** PROVIDED INFORMATION **
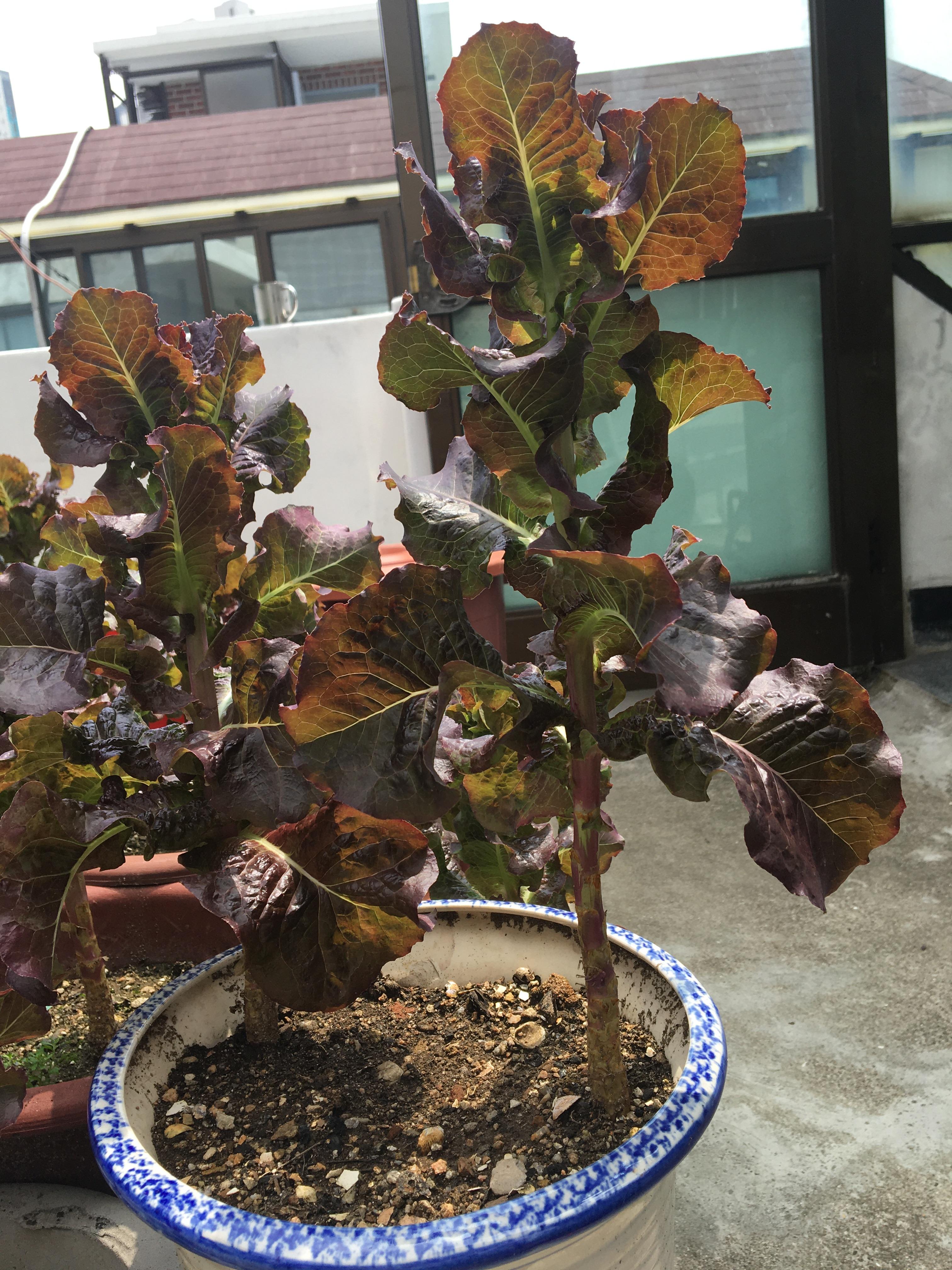 비교를 위해 꽃대가 아직 올라오지 않은 상추 사진을 보면 줄기가 보이긴하지만, 상추를 뜯은 자국이 다닥다닥 나 있는 것이 보입니다. 꽃대가 올라오느라 줄기가 난 것이 아니라 아래쪽 잎들을 계속 뜯어내다보니 줄기가 노출된 것 입니다.
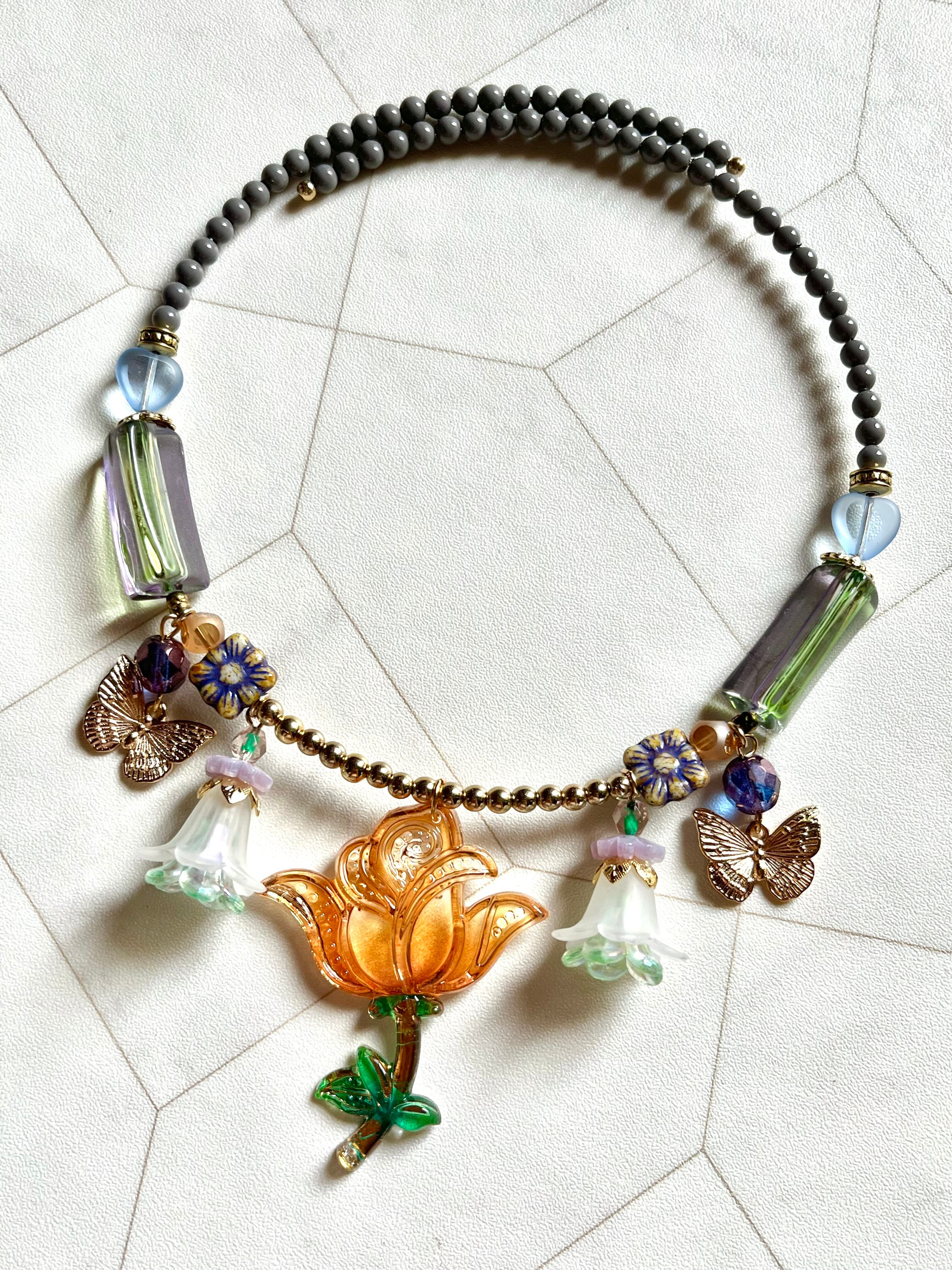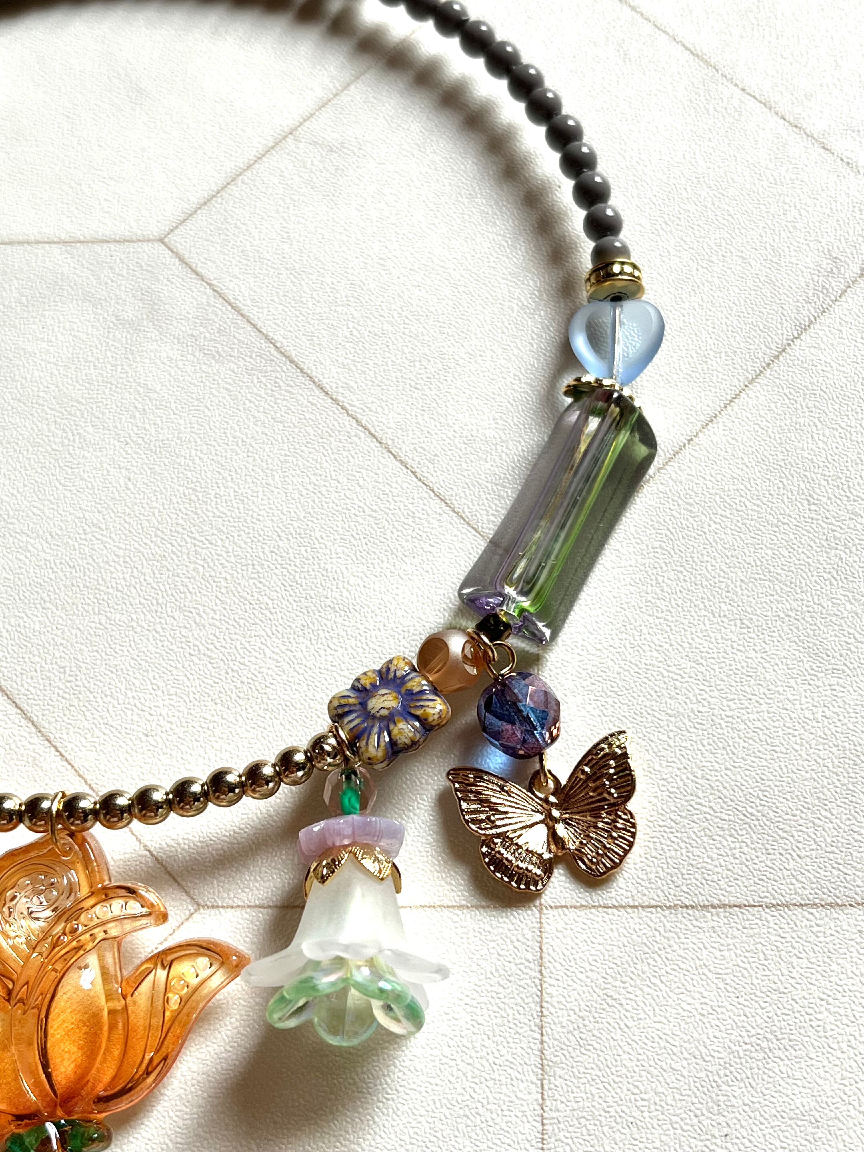 素材:ガラスビーズ、チェコガラスビーズ、プラスチックビーズ、キャストパーツ、アクリルビーズなど
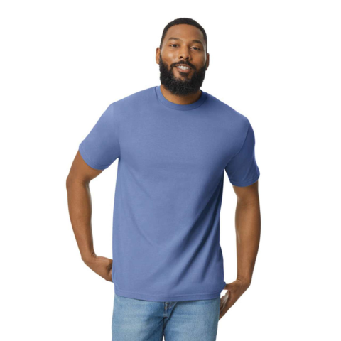 Klasszikus szabású körkötött póló, Gildan GI65000, 100% gyűrűsfonású pamut, 183,0 G/SqM (fehér 180,0 G/SqM) A puha, gyűrűsfonású pamutból és pamutkeverékekből készült Softstyle nagy öltéssűrűségű szövet, sima nyomtatási felületet biztosít Klasszikus s
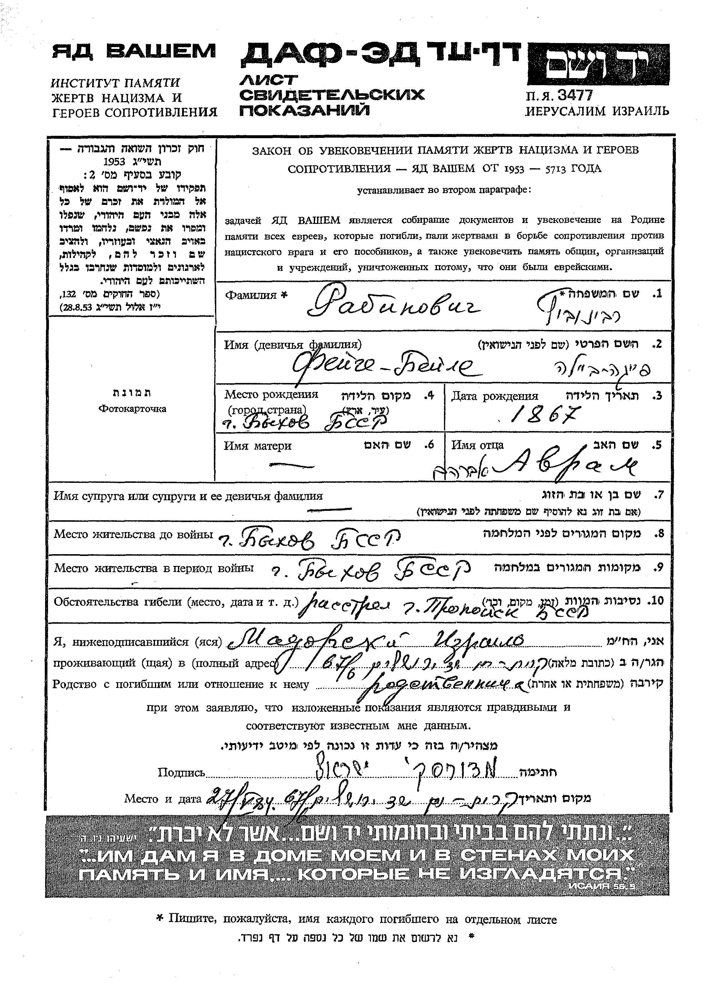 Rabinovich Beile Feiga 1867 Bichov, Bélorussie (URSS) Feuille de témoignage
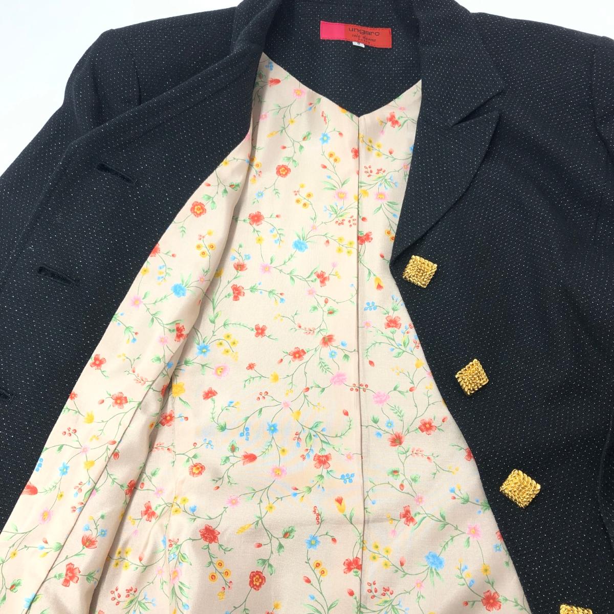 ungaro solo donna ウンガロ ラメ 裏地花柄 金ボタン テーラードジャケット
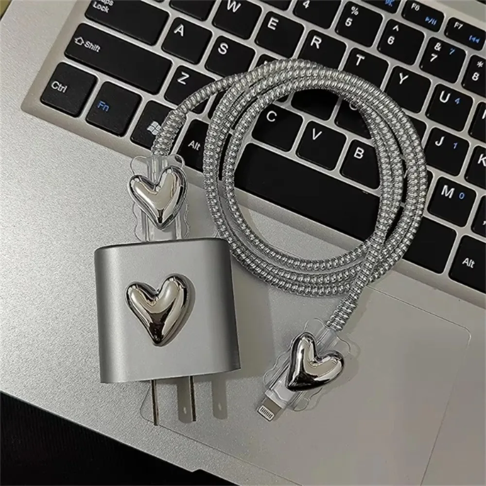 Plating Crooked Silver Love Heart Case for IPhone 15/14/13/12 Pro Max Charger Protective Cover for Iphone 18W/20W Fast Charging
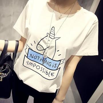 最新款夏裝韓版女裝寬松大碼百搭卡通小馬印花純棉短袖T恤女裝 /
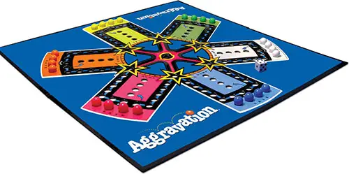 Be first to move all 4 of your marbles around the board from BASE to HOME. You don't have to "aggravate" the other players to win-but it sure helps!
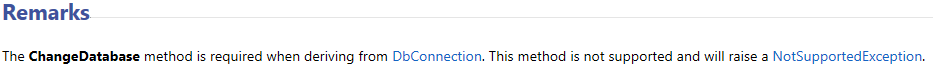When I checked out intellisense on the ChangeDatabase method, there was nothing to indicate anything unusual.
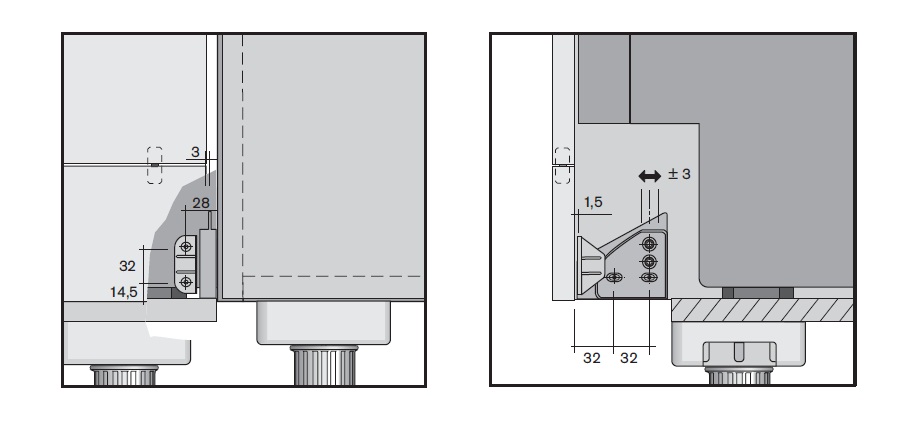 Vedenie pre spodnú sklopnú časť čela u vstavanej úmývačky. Použitie u zvýšených korpusov kuchynskej linky. Zabráňuje kolízii dvierok umývačky so soklom kuchyne. Použitie pri plánování v tzv. 6-ti rastru (viď. obrázok 6rastr) . Vedenie sa montuje na súsediaci korpus. V balení len 1ks, na jedny dvierka nutné kúpiť 2ks. Nutné taktiež doplniť o 2ks pantov "hrana-hrana" viď súvisiaci sortiment.
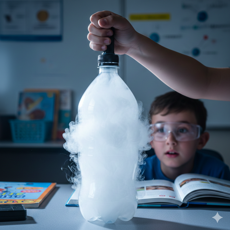안녕하세요, 코리 코딩의 코리 쌤입니다. 어느덧 차가웠던 겨울 방학이 지나고 새 학기의 설렘이 다가오고 있습니다. 지난 7주간 우리 아이들과 함께 '입자의 성질'을 주제로 달려온 과학 특강도 이제 마지막 수업만을 남겨두고 있네요. 이번 마지막 시간에는 그동안 배운 입자의 원리를 총정리하고, 흥미로운 두 가지 실험으로 대미를 장식합니다. 1. 하늘의 구름은 어떻게 만들어질까? (단열 팽창 실험) 눈에 보이지 않는 공기 입자들이 갑자기 부피가 커지면(팽창) 온도가 낮아지게 됩니다. 이때 공기 중의 수증기가 응결되어 나타나는 현상이 바로 '구름'이죠. 페트병 속 입자들을 직접 제어하며 구름이 만들어지는 원리....... <img src="https://blogthumb.pstatic.net/MjAyNjAyMjZfMTU2/MDAxNzcyMDk5MDQyOTg1.a6xA9_9RN9ksk-7zPJsMblFEMr_NTCEDyWrkihl40oUg.jvPPOhBz_VdZx7_dv2emUezu0zODwQkodU-YwQXUqOkg.PNG/Gemini_Generated_Image_pd1gl7pd1gl7pd1g.png?type=s3" />
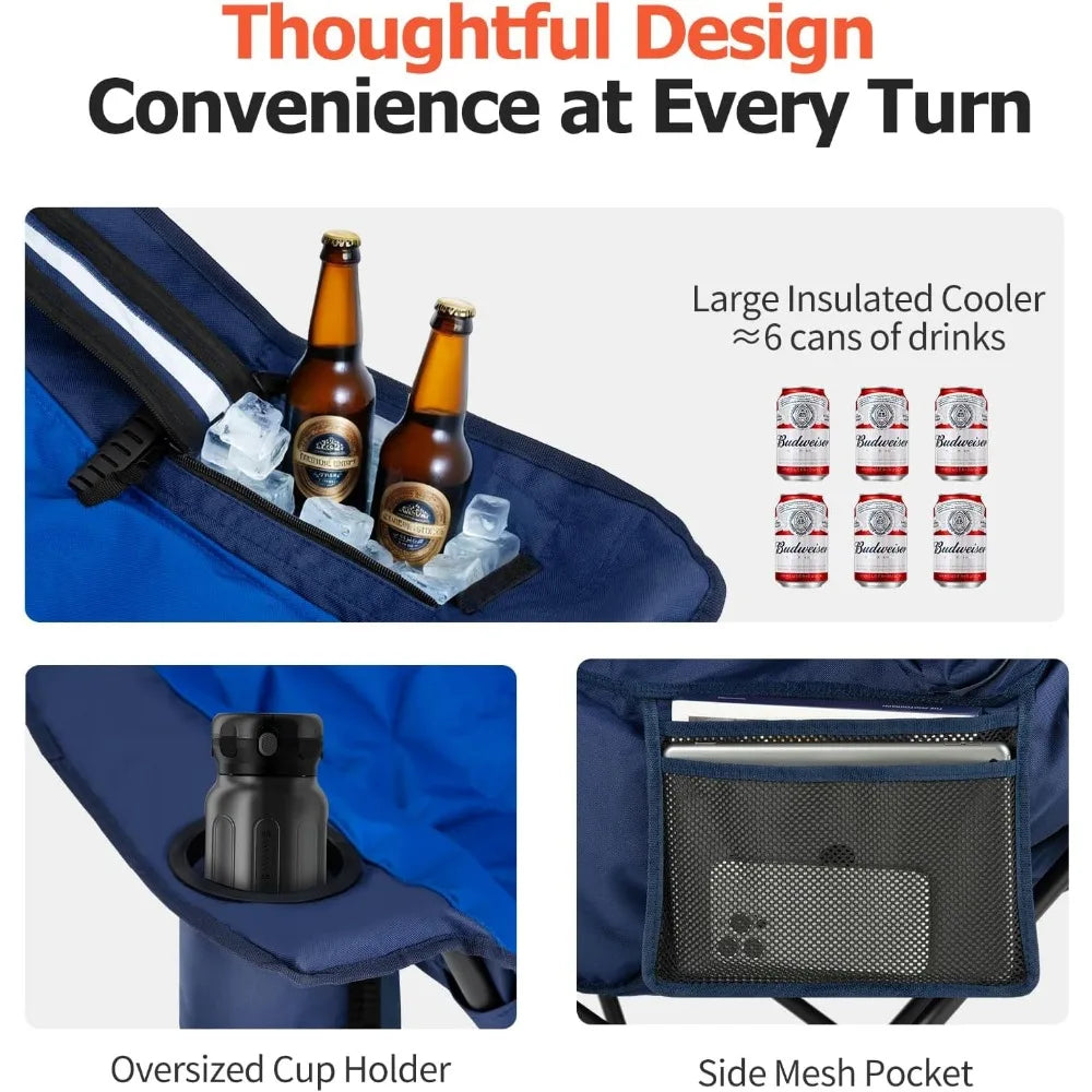 Oversized XL Camping Chair for Adults - 450lbs Support Heavy-Duty Padded Folding Chair with Side Pocket Cup Holder Cooling Bag
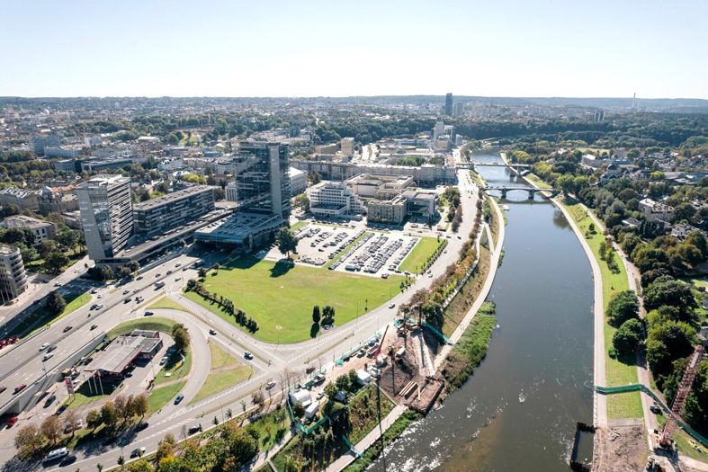 Помимо проектирования самого здания, перед архитекторами стояла задача создать привлекательное, инклюзивное и общедоступное пространство на берегу реки Нярис - у подножия строящегося нового пешеходного моста. Эта зона должна быть функционально и визуально совместима с общей концепцией развития набережной реки Нярис и окрестностей Конгресс-центра.

** YOUR ASSIGNMENT **
Print, exactly as written, the lines above from the first one to the one containing "Klasszikus szabású körkötött". Leave out pictures.

** SOLUTION TO THIS TASK **
 비교를 위해 꽃대가 아직 올라오지 않은 상추 사진을 보면 줄기가 보이긴하지만, 상추를 뜯은 자국이 다닥다닥 나 있는 것이 보입니다. 꽃대가 올라오느라 줄기가 난 것이 아니라 아래쪽 잎들을 계속 뜯어내다보니 줄기가 노출된 것 입니다.
 素材:ガラスビーズ、チェコガラスビーズ、プラスチックビーズ、キャストパーツ、アクリルビーズなど
 Klasszikus szabású körkötött póló, Gildan GI65000, 100% gyűrűsfonású pamut, 183,0 G/SqM (fehér 180,0 G/SqM) A puha, gyűrűsfonású pamutból és pamutkeverékekből készült Softstyle nagy öltéssűrűségű szövet, sima nyomtatási felületet biztosít Klasszikus s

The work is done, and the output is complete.